Dichterbij gekomen blijkt het gebouw – het lijkt op een kerkje, maar er is een fitnesscentrum direct tegenaan gebouwd – aan een pleintje te liggen. Het laatste vrije plekje op een stenen bankje in de schaduw nodigt me uit om te gaan zitten.
Er spelen kinderen. Voetbal op dit aflopend plein blijkt erg leuk te zijn. De ouders kijken lachend toe, evenals het baasje van een keffertje dat plots door het dolle heen raakt bij het zien van de gekleurde bal van de spelende jongens. Hij piept en blaft en probeert ondanks de riem om zijn nek naar de bal toe te rennen, zijn pootjes slippend op de gladde stenen. Het baasje laat zich met zijn brede Spaanse grijns meezeulen, heen en weer over het plein.
Al snel wordt er een tweede bal aangedragen om het hondje te kalmeren, maar het beestje wil koste wat kost achter de andere aan.

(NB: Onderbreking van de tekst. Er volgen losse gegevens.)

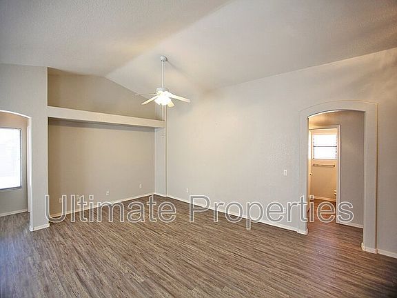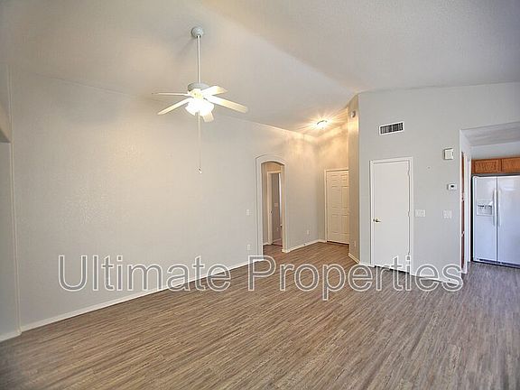 3 Bedroom + 2 Bathroom Home. Wood-looking vinyl plank flooring throughout. Carpet in bedrooms. Kitchen features refrigerator, range/oven, built-in microwave and dishwasher. Master suite features dual sinks, walk-in closet. Backyard features covered patio. 2 Car garage

Aan de rand van het plein staat een vrachtwagen. Twee mannen gooien kartonnen dozen met veel bombarie bovenin de wagen. Een andere manier om ze erin te krijgen is er blijkbaar niet. Dat er nu en dan een doos aan de andere kant weer van de vrachtwagen af tuimelt lijkt ze niet te interesseren. Als ze klaar zijn lopen ze gewoon naar de andere kant om het opnieuw te proberen, waardoor ze uiteindelijk een paar keer heen en weer moeten voordat de vrachtwagen verder rijdt, nog een paar stukken papier verspreid over de weg achterlatend.
De bal rolt voor mijn voeten. Ik schop hem terug naar de jongen die op me af komt rennen.
Even later rijdt de vrachtwagen opnieuw het plein op. Eén van de mannen zit nu bovenin de laadbak om de dozen uit te vouwen, zodat er weer ruimte vrijkomt.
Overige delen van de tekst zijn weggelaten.